Based on the accuracy of 0.854 on the test set, the model seems to perform generally well. In addition, the confusion matrix shows strong rightfully predictions for the diagonal. The most significant errors occur for the model predicting bus, while in reality it was actually taxi or cycling. I assume this is caused by for people often dynamically switching between those three options when having to make a similar choice.

#### 4.1. Benchmark scenario: create a new dataframe containing only trips with a destination in region C. Predict the mode shares for these trips, using your trained model. Use the *predict_proba* function from sk-learn (why should you NOT use the *predict* function in this case?)

In [None]:
X_regionC = X[X['Region_C']==1]
X_regionC

In [None]:
X_scaled_regionC = scaler.transform(X_regionC)

In [None]:
Y_pred_gs_regionC = mlp_gs.predict_proba(X_scaled_regionC)
Y_pred_gs_regionC

You should not use predict as opposed to predict_proba as the first reduces a lot of insights when compared with the latter because it provides insights in the distribution and (un)certainty of a certain prediction, which information you would lose when using predict to obtain a single class value prediction.

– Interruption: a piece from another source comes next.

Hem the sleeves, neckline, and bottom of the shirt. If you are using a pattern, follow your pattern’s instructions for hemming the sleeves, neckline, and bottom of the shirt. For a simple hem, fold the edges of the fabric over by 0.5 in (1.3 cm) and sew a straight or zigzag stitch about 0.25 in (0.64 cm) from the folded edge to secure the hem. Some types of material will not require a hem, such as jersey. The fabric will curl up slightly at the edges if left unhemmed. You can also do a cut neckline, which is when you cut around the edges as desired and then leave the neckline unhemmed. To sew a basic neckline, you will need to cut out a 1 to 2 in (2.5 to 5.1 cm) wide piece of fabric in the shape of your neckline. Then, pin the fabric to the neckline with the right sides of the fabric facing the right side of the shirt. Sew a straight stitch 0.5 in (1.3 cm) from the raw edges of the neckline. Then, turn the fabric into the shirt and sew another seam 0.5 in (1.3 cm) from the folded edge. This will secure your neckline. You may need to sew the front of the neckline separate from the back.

#### 4.2. Car-ban scenario: in the dataset created in 4.1 set *avail_car* to zero. Use your trained model to predict the modes. (**Remember to scale the data with the scaler created for training the model**).


In [None]:
X_regionC_availcar0 = X_regionC
X_regionC_availcar0['avail_car'].values[:] = 0
X_regionC_availcar0

In [None]:
X_scaled_regionC_availcar0 = scaler.transform(X_regionC_availcar0)

In [None]:
Y_pred_gs_regionC_availcar0 = mlp_gs.predict_proba(X_scaled_regionC_availcar0)
Y_pred_gs_regionC_availcar0

#### 4.3. Compare your results. That is, analyse how mode shares have changed as a result of the car-ban policy. Create a visualisation representing the shift in mode shares. By which mode have car trips most often been substituted?

In [None]:
average_mode_Y_pred_gs_regionC = np.mean(Y_pred_gs_regionC, axis=0)
average_mode_Y_pred_gs_regionC_availcar0 = np.mean(Y_pred_gs_regionC_availcar0, axis=0)

In [None]:
average_mode_change = abs(average_mode_Y_pred_gs_regionC_availcar0 - average_mode_Y_pred_gs_regionC)
average_mode_change_without_car = np.delete(average_mode_change, 0)
average_mode_change_without_car

In [None]:
labels = ['Bus', 'Rail', 'Taxi', 'Cycling', 'Walking']

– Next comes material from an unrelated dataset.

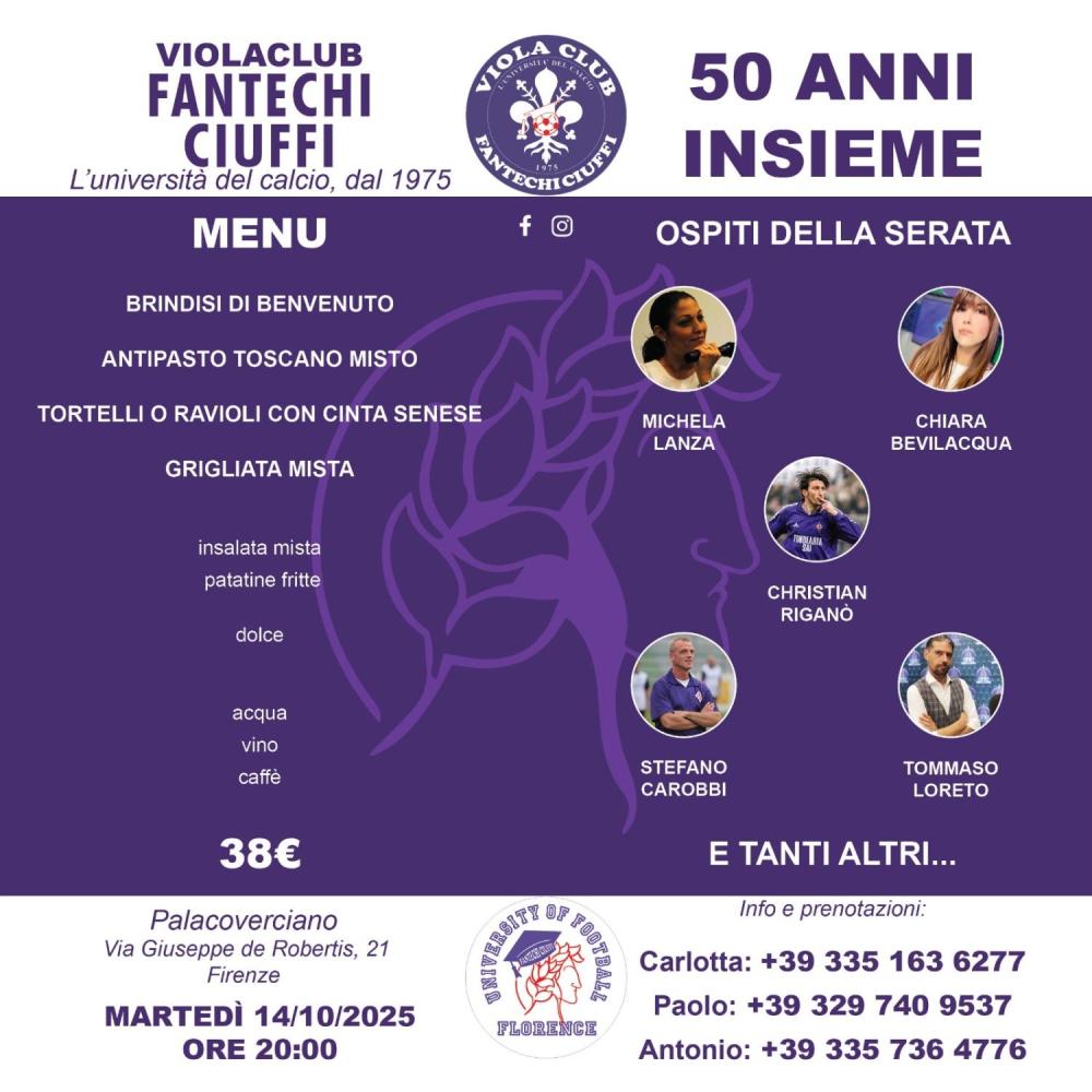Presenti due ex viola come Christian Riganò e Stefano Carobbi, parteciperanno anche il direttore di Radio FirenzeViola Tommaso Loreto e Chiara Andrea Bevilacqua apprezzata conduttrice delle trasmissioni di RFV. Di seguito la locandina dell'evento.

plt.pie(average_mode_change_without_car, labels=labels)
plt.show

It is clearly visible that a car ban has resulted in the biggest substitution of cars by bus

#### 4.3.Reflect on your analysis: <br> 
`A` Do you think your analysis and results are meaningful? Why/why not? <br> 
`B` What are the main limitations of your analysis?

Yes, I think the analysis and resluts are meaningful as there was enough balanced (real captured) data available for the model to learn the "normal" situation and be able to predict the consequences of policy changes.

The biggest limitation is that a full car ban in region C would have people probably rethink their transport options again, which is now not included in the dataset and therefore the neural network model.